Однако палач закрытости может относиться к своей закрытости и эгоистично. Об одном этом я мог бы написать целую книгу, хотя я и не был, соответственно обычаям и привычкам сегодняшних наблюдателей, в Париже или Лондоне, как будто там можно узнать нечто великое, как будто там можно узнать что-то другое, помимо болтовни и расхожей мудрости коммивояжера. Стоит только обратить внимание на то, что поблизости, и наблюдателю хватит пяти мужчин, пяти женщин и десяти детей, чтобы обнаружить все человеческие душевные состояния, которые только возможны. То, что я сказал сейчас, вполне может иметь некоторый смысл, в особенности для того, кто имеет дело с детьми или же стоит с ними в каком-нибудь отношении. Крайне важно, чтобы ребенок был воспитан посредством такого представления о возвышенной закрытости и чтобы при этом его держали подальше от закрытости неправильной. Во внешнем плане нетрудно определить, когда наступает подходящий момент, чтобы позволить ребенку обходиться одному, однако в духовном отношении все это не так-то легко. В духовном плане эта задача весьма трудна, и от нее нельзя откупиться по дешевке, наняв гувернантку или заведя себе прогулочную коляску. Искусство состоит в том, чтобы постоянно присутствовать и все же не присутствовать, так, чтобы ребенок мог получить свободу развиваться самостоятельно, между тем как вы сами за этим постоянно наблюдаете. Искусство состоит в том, чтобы в высшей степени и на возможно более высоком уровне предоставить ребенка самому себе, при этом придав своему кажущемуся отказу вмешиваться такой вид, чтобы суметь одновременно совершенно незаметно быть в курсе всего. На это вполне можно найти время, даже если вы служите королевским чиновником, нужно только пожелать. Если захотеть, можно сделать все, что угодно. И отец или воспитатель, который сделал все для вверенного ему ребенка, но при этом не мешал ему становиться закрытым, все равно принял на себя тем самым величайшую ответственность.

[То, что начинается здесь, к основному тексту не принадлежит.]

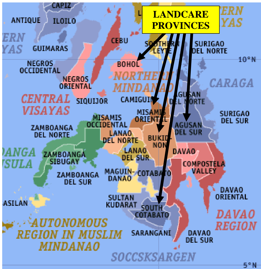
Fig. 2 The five provinces in which Landcare is currently being promoted, with support from ICRAF (Bohol, Misamis Oriental, Bukidnon), SEARCA (South Cotabato), and CRS (Agusan del Sur).
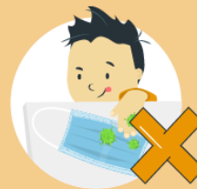
Do not leave your used mask within the reach of others

Демоническое — это закрытое, демоническое — это страх перед добром. Пусть закрытое будет обозначено как "х", и его содержание — тоже как "х": это может быть самое ужасное или самое незначительное, — нечто мрачное, о присутствии которого в жизни немногие даже подозревают, но также и сущие пустяки, на которые никто не обращает внимания . Но что же тогда будет означать добро как некий "х"? Оно означает раскрытие . Раскрытие может опять-таки означать как самое возвышенное (спасение в его настоящем смысле), так и самое незначительное (случайное замечание); все это не должно нас запутывать, категория все равно остается одной и той же; общее в предшествующих явлениях то, что они демоничны, пусть даже в остальном различие так велико, что голова может закружиться. Раскрытие здесь — это добро, ибо раскрытие — это первое выражение освобождения. Потому и говорится, как в старом присловье: если осмелиться назвать нужное слово, ослепление колдовства исчезнет; потому и лунатик пробуждается, стоит только окликнуть его по имени.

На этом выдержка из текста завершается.